Once you have the archive, it can be extracted and its contents viewed. Shown below are the contents of the logbundle:


This single archive is arguably one of the most important single troubleshooting files made available by CMS, and will often be requested by Cisco TAC engineers in their efforts to solve certain problems. Extracting the logbundle may be accomplished using 7Zip and various other utilities, but is beyond the scope of this lab. Awareness of this file, as well as what is contained within it is our focus today.

Back to top

API

The API can be used for certain troubleshooting tasks as well. For instance, we can use it to query individual Callbridge nodes to see what their current load level is. We can also use it to obtain call diagnostic information or query the cluster to see what alarms are active, if any. For certain tasks, the API can be a very valuable troubleshooting tool.

For the scope of this lab, we will focus on one particular aspect of the API for troubleshooting purposes. It is possible to gather call diagnostic information using the API.

  1. To gather diagnostic information on a call, there first must be a call to investigate. For this reason, we need to make a call that we know will land on one particular Callbridge. We will use a similar method that we used earlier in the troubleshooting section and insure our call has one leg hosted on CMS1C since it is the only node in the West Callbridge Group. Make sure you still have a Remote Desktop session up on PC2 (10.0.102.92), or re-establish one if you closed that window.
  2. Using Cisco Jabber on your laptop, click to call our Space at pod2user4@conf.pod2.cms.lab
  3. From PC2's Jabber client, call the same Space, but this time send the call to CMS1C by dialing pod2user4@cms1c.pod2.cms.lab
  4. Launch Postman using the desktop shortcut.
  5. Change the verb to GET.
  6. Enter the following URL in the address bar to target the calls entity. We need to get the call ID in order to enable diagnostics for that call: https://cms1c.pod2.cms.lab:8443/api/v1/calls. Hit Send.
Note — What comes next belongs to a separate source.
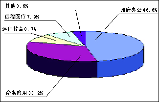其中,視頻會(huì)議業(yè)務(wù)是目前階段視頻通信發(fā)展的重點(diǎn),其主流是基于IP協(xié)議的視頻會(huì)議技術(shù)。目前的市場(chǎng)特點(diǎn)是硬件視頻會(huì)議已經(jīng)被接受,軟件視頻會(huì)議正在成長。但是競(jìng)爭(zhēng)格局分散,仍然處于“戰(zhàn)國時(shí)代”,還沒有一家公司處于絕對(duì)的統(tǒng)治地位。當(dāng)前視頻會(huì)議的主要應(yīng)用場(chǎng)所分布如圖1。
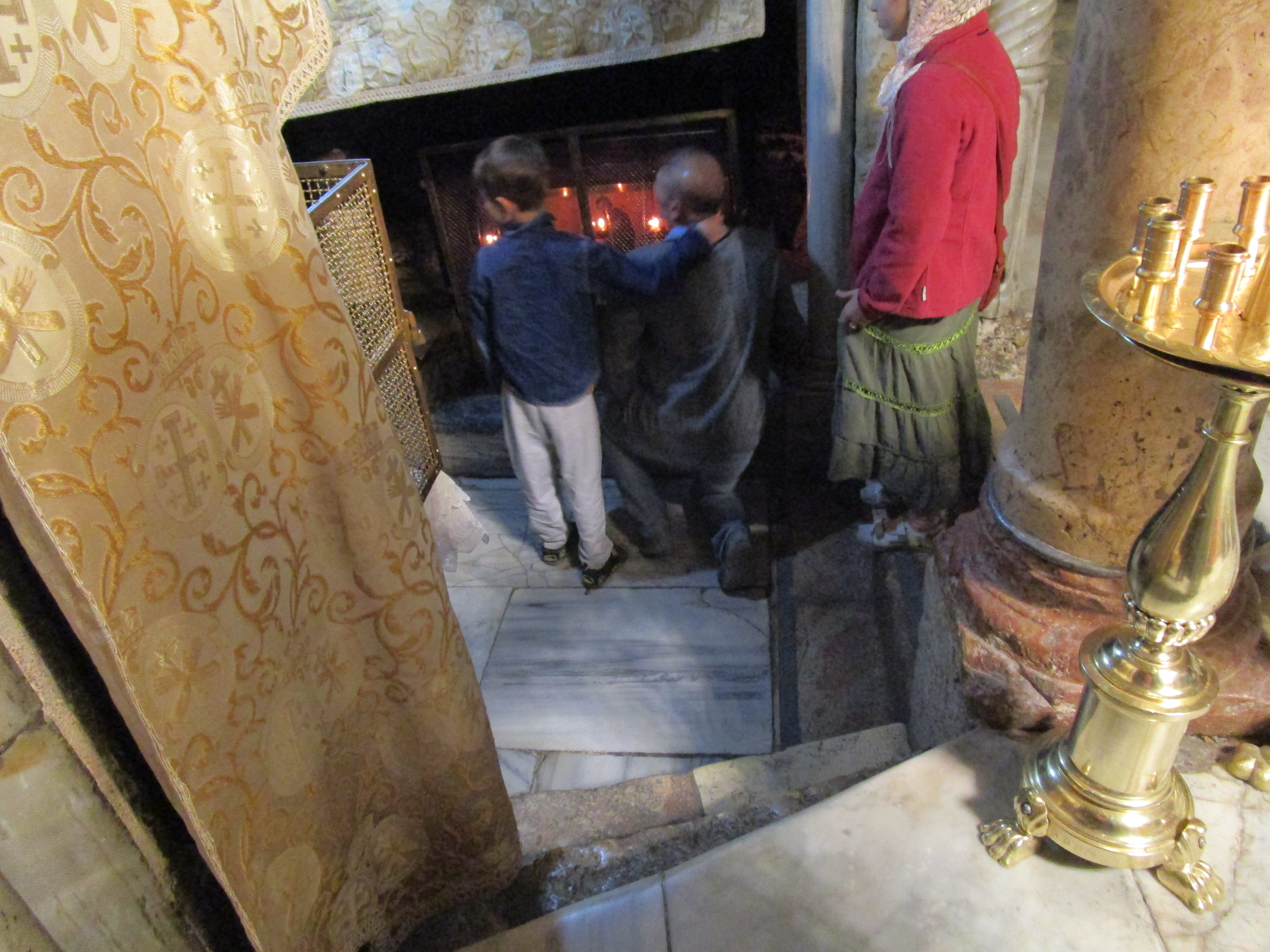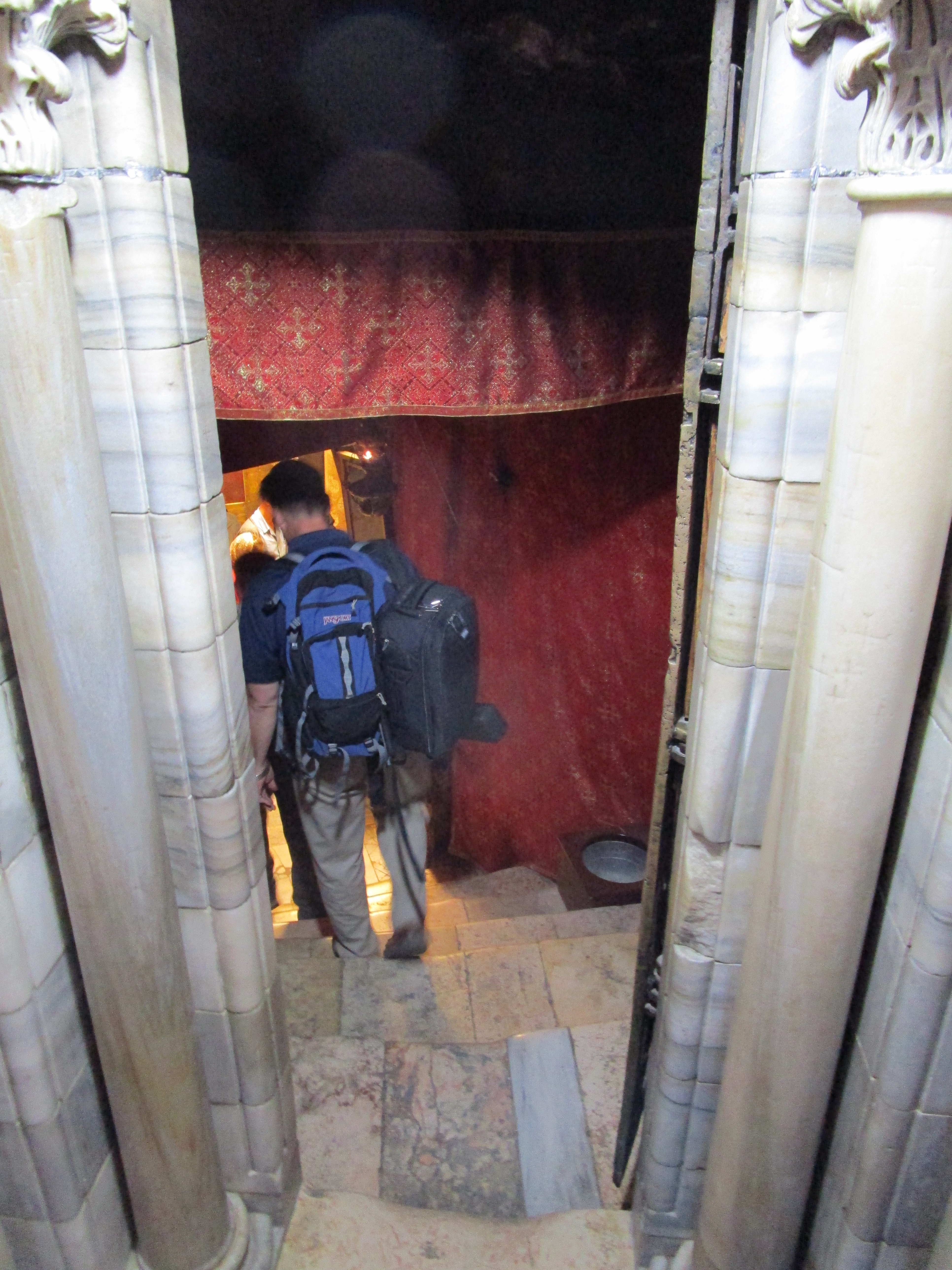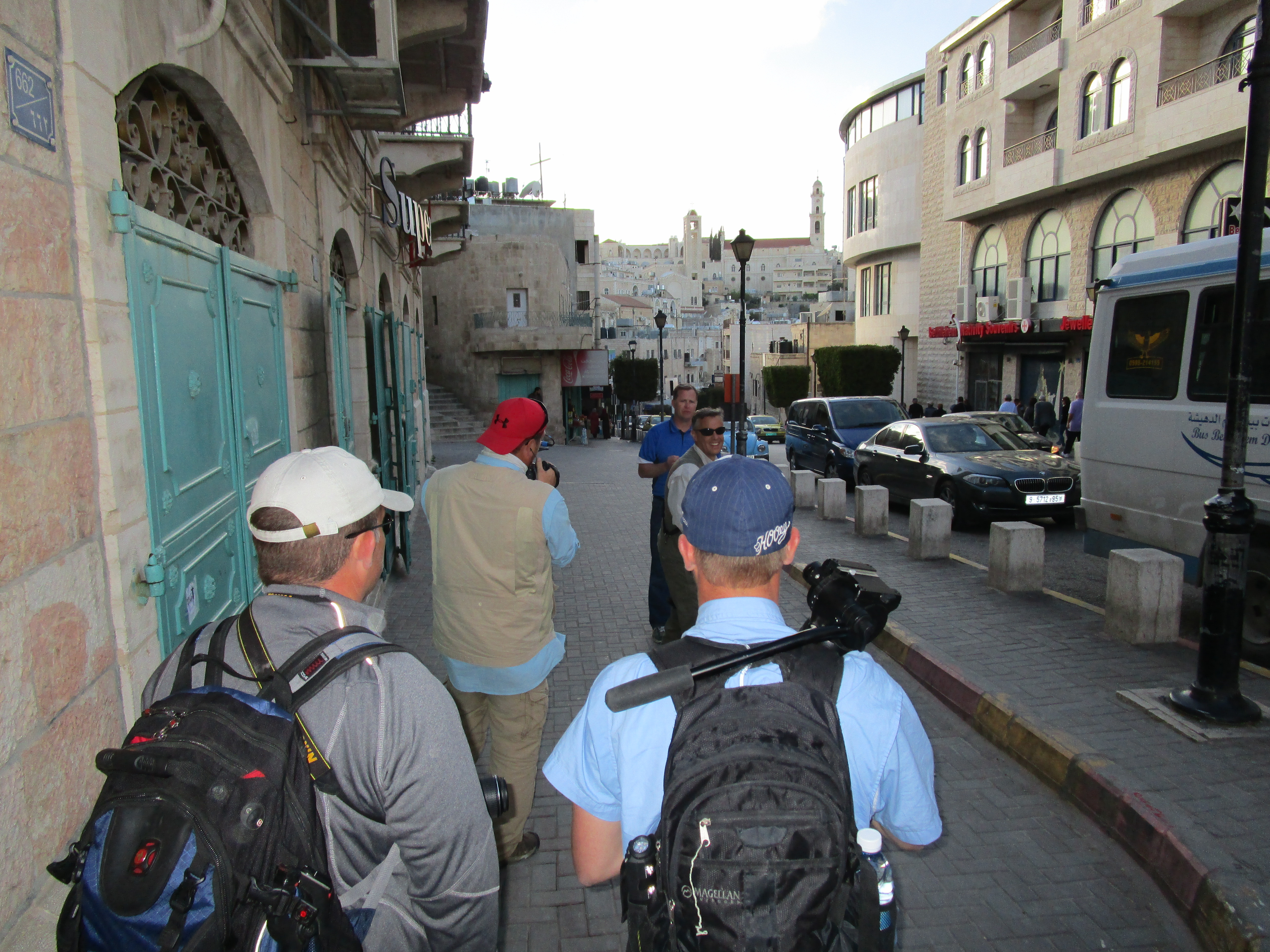We then made the drive to Bethlehem, still in the West Bank area. Jon had some segments to film on the streets here. The sun was going down and it was chilly. We ducked into the Church of the Nativity (literally, you have to bend over in a posture of submission to enter) and found that a funeral was taking place. Hisham, though, took us right past the crowds and down into a little sunken area where supposedly Jesus was born and laid in the manger. We didn’t stay long. The rest of the crew went in as well.

    We should see the call information including the Call ID that we need to enable diagnostic information on this call.

  7. The next step is to enable diagnostic information for this call. We need to copy the Call ID from our previous step and use that in the the URL in Postman while changing our verb to POST Our final url will end up looking like this: https://cms1c.pod2.cms.lab:8443/api/v1/calls/***CALLID***/diagnostics. Replace the Call ID with your own. In this example the finished URL would be:

    https://cms1c.pod2.cms.lab:8443/api/v1/calls/84825a67-4813-4ae6-b94c-ac571514e349/diagnostics.

    Make sure the verb is set to POST and hit Send


  8. You should get a 200 OK message back. This message is important, because in the headers of that message is a location we need to use for our next Postman transaction. If you look at the headers tab on the response we just received, you'll see a location header.


  9. Copy this location, and paste it in the Postman address bar followed by /contents, so it looks something like this, then hit Send:
    https://cms1c.pod2.cms.lab:8443/api/v1/system/diagnostics/f1a876ed-9e7f-40f2-ac7a-9c1cd3f1fbe5/contents


  10. What you should see is a good deal of useful diagnostic information about the current call. Take a look through the log information and familiarize yourself with the information returned.
  11. When finished, use your laptop to disconnect PC2 User by hovering over User 2 in the participant list, then right-clicking the user and selecting Expel and confirming.
  12. Once User 2 has been disconnected, hang up yourself by hovering over the video window and clicking on the button.
Back to top

This concludes the troubleshooting section of the lab. Hopefully you have a better idea what tools are available to you as a CMS user, and can select the right tool for the job of troubleshooting any issues that may occur. While we would love to have a product that never has any issues, the reality is that there is always a need to understand and diagnose behavior that we don't understand in this or any product we may be using. Better understanding what tools are available to us can speed our time to resolution and provide a better overall user experience.